BEGIN

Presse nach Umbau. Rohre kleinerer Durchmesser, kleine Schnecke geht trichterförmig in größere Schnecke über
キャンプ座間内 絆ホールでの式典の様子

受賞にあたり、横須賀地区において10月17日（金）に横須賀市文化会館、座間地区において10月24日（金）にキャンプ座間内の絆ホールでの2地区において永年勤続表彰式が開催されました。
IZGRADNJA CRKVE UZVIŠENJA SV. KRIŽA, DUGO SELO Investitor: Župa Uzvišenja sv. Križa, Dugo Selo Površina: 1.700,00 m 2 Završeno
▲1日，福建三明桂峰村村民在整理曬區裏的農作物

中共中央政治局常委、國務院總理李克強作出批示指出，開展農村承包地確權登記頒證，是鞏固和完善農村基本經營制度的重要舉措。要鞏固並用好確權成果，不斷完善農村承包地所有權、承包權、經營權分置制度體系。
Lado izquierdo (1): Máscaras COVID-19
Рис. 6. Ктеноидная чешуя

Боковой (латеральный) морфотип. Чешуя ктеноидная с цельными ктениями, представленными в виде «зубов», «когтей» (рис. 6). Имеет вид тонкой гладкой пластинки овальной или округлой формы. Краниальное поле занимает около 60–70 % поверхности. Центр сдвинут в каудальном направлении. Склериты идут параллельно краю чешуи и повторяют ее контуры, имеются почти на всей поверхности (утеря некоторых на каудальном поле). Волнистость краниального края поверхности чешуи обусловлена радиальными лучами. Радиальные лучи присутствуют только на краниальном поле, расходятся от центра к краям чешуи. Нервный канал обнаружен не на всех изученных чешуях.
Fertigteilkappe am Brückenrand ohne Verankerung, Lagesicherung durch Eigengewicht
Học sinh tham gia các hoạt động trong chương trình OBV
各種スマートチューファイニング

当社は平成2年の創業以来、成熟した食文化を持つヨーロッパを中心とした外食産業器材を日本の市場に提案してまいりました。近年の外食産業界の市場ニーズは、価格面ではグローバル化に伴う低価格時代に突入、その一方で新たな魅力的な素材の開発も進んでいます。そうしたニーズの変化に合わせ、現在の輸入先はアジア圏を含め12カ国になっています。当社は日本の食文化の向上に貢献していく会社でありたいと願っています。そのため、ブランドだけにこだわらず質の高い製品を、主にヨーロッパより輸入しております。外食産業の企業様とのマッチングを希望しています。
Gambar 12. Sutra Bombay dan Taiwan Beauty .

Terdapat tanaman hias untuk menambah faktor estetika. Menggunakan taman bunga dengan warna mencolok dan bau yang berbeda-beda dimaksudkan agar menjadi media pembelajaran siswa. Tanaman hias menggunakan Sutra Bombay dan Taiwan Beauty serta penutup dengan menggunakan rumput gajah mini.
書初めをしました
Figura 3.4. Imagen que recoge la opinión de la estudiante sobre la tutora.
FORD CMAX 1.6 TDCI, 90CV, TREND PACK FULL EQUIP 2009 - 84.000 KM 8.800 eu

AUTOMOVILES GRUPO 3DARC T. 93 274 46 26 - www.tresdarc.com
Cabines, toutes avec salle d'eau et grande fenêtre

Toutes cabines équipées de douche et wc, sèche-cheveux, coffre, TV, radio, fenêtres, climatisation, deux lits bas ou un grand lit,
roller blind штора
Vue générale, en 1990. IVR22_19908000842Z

END

**Your objective**
Begin with the first line of the listing above and write out each line exactly, ending with the line that contains "中共中央政治局常委、國務院總".

**Exercise output**
Presse nach Umbau. Rohre kleinerer Durchmesser, kleine Schnecke geht trichterförmig in größere Schnecke über
キャンプ座間内 絆ホールでの式典の様子

受賞にあたり、横須賀地区において10月17日（金）に横須賀市文化会館、座間地区において10月24日（金）にキャンプ座間内の絆ホールでの2地区において永年勤続表彰式が開催されました。
IZGRADNJA CRKVE UZVIŠENJA SV. KRIŽA, DUGO SELO Investitor: Župa Uzvišenja sv. Križa, Dugo Selo Površina: 1.700,00 m 2 Završeno
▲1日，福建三明桂峰村村民在整理曬區裏的農作物

中共中央政治局常委、國務院總理李克強作出批示指出，開展農村承包地確權登記頒證，是鞏固和完善農村基本經營制度的重要舉措。要鞏固並用好確權成果，不斷完善農村承包地所有權、承包權、經營權分置制度體系。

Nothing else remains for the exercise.